Jeff Atwood uses the “line” as his fundamental unit. This is a very reasonable approach if you are working with code or something where you are likely to have a lot of new lines.  However, for long paragraphs it is a bit problematic.  Either they get treated as a single line and you have the same issue with the comma as IBM’s method applied to an entire paragraph or you break the paragraph into lines at specific points and adding in content can reorder the entire paragraph making it all appear new.

Word based approach

A good balance might be to use individual words as the fundamental unit being compared.  This drastically reduces the “false credit” problem associated with character based matching while minimizing the “comma problem”. There is still going to be a bit of “false credit” especially for common words.
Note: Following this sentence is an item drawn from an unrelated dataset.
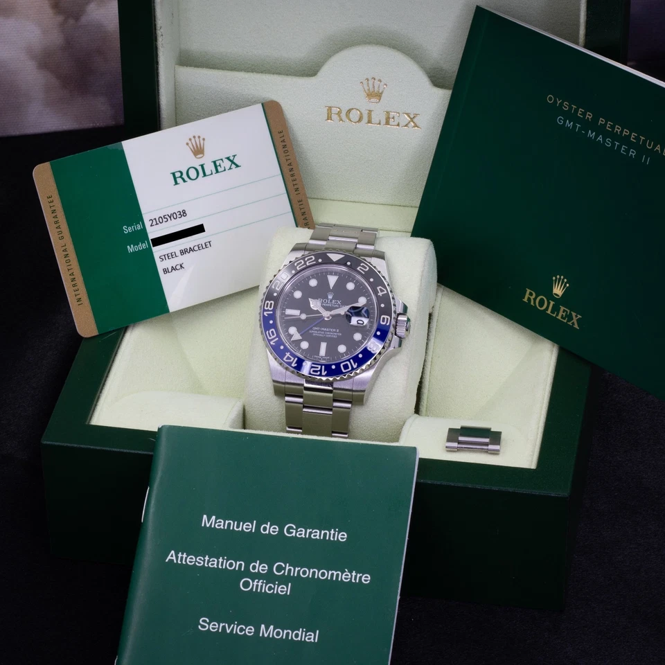 Included is the complete full set: inner and outer boxes, international warranty card dated January 2016, GMT-Master II manual, and chronometer certification booklet. A timeless and highly sought-after reference, the original “Batman” remains a standout in the modern Rolex sports collection for its transitional movement and unmistakable two-tone ceramic bezel.

If someone writes 500 words to start an article, all of their original text is deleted and new text added, they are going to get credit for a number of words like “the”, “and”, etc.  If what they wrote was one topic, they will get credit for even more because they are likely to have used a lot of keywords that will be in the final revision.  Simply pasting in the dictionary a few times would give them significant credit for text that will not appear in the final revision. Still it represents a very reasonable approach, particularly if people aren’t trying to game the system.

Spam and methods

In this type of analysis of a Wikipedia or a different MediaWiki, one crucial thing to consider is spam. Character based and word based analysis is going to be heavily skewed by spam entries–even if they are immediately reverted.  Sentence based approaches are probably going to be more accurate if revisions contain spam while word based methods are likely to be more accurate in closed systems where spam isn’t an issue.